04: Sakit

398 66 22
                                    

"Tunggu apa lagi? Ayo masuk!" titah Daniel dari dalam mobil. Chika memperhatikan suami dan anaknya yang hendak berangkat dari depan rumah. Tapi atensinya beralih, Ima datang menghampiri Luna dengan terbirit.

"Luna, Tante minta tolong sama kamu, ya. Tolong sampein surat izin Udin ke wali kelas. Kalian berdua satu kelas kan?" tanya Ima menyodorkan sepucuk surat.

"I-iya. Emangnya Zeyn kenapa, Tan?"

"Dia sakit. Mukanya pucet, badannya lemes, mimisan juga," jawab Ima sedih. Chika menutup mulut terkejut. Dia berjalan menghampiri Ima dan mengelus punggung wanita itu.

"Yaampun, sakit apa ya?" tanya Chika penasaran.

"Ga tau, Bu. Tapi kayaknya ini efek keseringan begadang," jawab Ima lagi.

"Yaudah, Luna langsung berangkat gih. Nanti kalo terlambat beda lagi ceritanya. Tante minta tolong, ya," ujar Ima memperingati. Luna mengangguk kecil, setelah itu masuk ke dalam mobil dan duduk di bangku penumpang.

Selepas kepergian Luna, Ima berpamitan kepada Chika dan masuk ke dalam rumah. Di pintu dia berpapasan dengan Iwan.

"Abang berangkat aja. Zeyn biar Saya yang rawat," kata Ima memberitahu.

Iwan tersenyum simpul, tangannya mengelus surai Ima halus. "Yaudah Abang berangkat dulu ya. Tolong jaga Udin. Kalo Udin berubah pikiran terus mau ke rumah sakit, Ima telpon Abang aja, ya? Biar Abang yang anterin," ujar Iwan.

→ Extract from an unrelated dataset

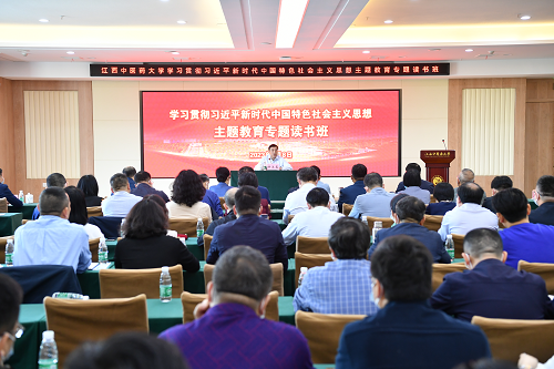 大江网/大江新闻客户端讯 5月8日,江西中医药大学学习贯彻习近平新时代中国特色社会主义思想主题教育专题读书班开班。该校党委书记徐兰宾在开班式上作专题党课报告。他强调,要深入学习领会习近平新时代中国特色社会主义思想,紧紧围绕主题教育“学思想、强党性、重实践、建新功”的总要求,坚持学思用贯通,做到知信行统一,教育引导党员干部在以学铸魂、以学增智、以学正风、以学促干上下功夫见实效,以高质量的主题教育推动学校各项事业高质量发展。

Ima mengangguk. Kemudian Iwan pergi ke luar rumah, dia berangkat kerja sekarang. Ima pun pergi menuju kamar Zeyn. Ima menatap sendu keponakannya yang tidur dengan wajah pucat. Dengan sejumlah gulungan tisu masih bertengger manis pada lubang hidung Zeyn.

Flashback on
Ima berjalan ke arah kamar Zeyn. Di tangan kanannya sudah ada gayung beserta air di dalamnya. Dia membuka pintu dan menghampiri pemuda yang terbaring di ranjang sana. Baru saja wanita itu hendak membuat air terjun alarm agar pemuda tersebut bangun. Tapi matanya membelalak kaget melihat darah di sekitar hidung, ditambah bibir yang pucat.

Ima meletakkan gayung di atas meja dekat nakas. "Udin kamu kenapa? Idungmu bedarah gini, bibir kamu juga pucet."

Ima kelabakan, dia mengambil sapu tangan dari laci Zeyn, kemudian menggunakan sapu tangan tersebut untuk melap darah dari hidung Zeyn. Sesekali Ima menepuk-nepuk pipi Zeyn pelan agar dia terbangun.

"Eng? Zeyn bangun kesiangan?" tanya Zeyn masih bingung.

"Udin kamu kenapa? Kepala kamu sakit? Ya ampun maafin Tante. Kamu sakit pasti gara-gara Tante sering bangunin kamu pake air. Tante janji ga bakal siram kamu lagi, tapi.. hiks."

"Tante nangis? Zeyn ga kenapa-napa, Tan. Mimisan gini doang udah biasa," ujar Zeyn berusaha memastikan Ima bahwa dia baik-baik saja. Zeyn hendak bangkit dari nakas, tapi kepalanya mendadak berdenyut sakit.

"Aakh."

"Kepala kamu sakit? Tiduran dulu, tiduran. Ke rumah sakit mau, ya?" ajak Ima sambil mengecek suhu badan Zeyn.

"Gak panas."

"Ya emang. Kaga sakit juga. Dah Zeyn mau sekolah dulu, hoahm." Untuk kedua kali Zeyn berusaha bangun. Kepalanya agak mendingan, tapi kini sapu tangan yang tidak mampu menampung darah dari hidung Zeyn. Hingga cairan kental itu merembes keluar.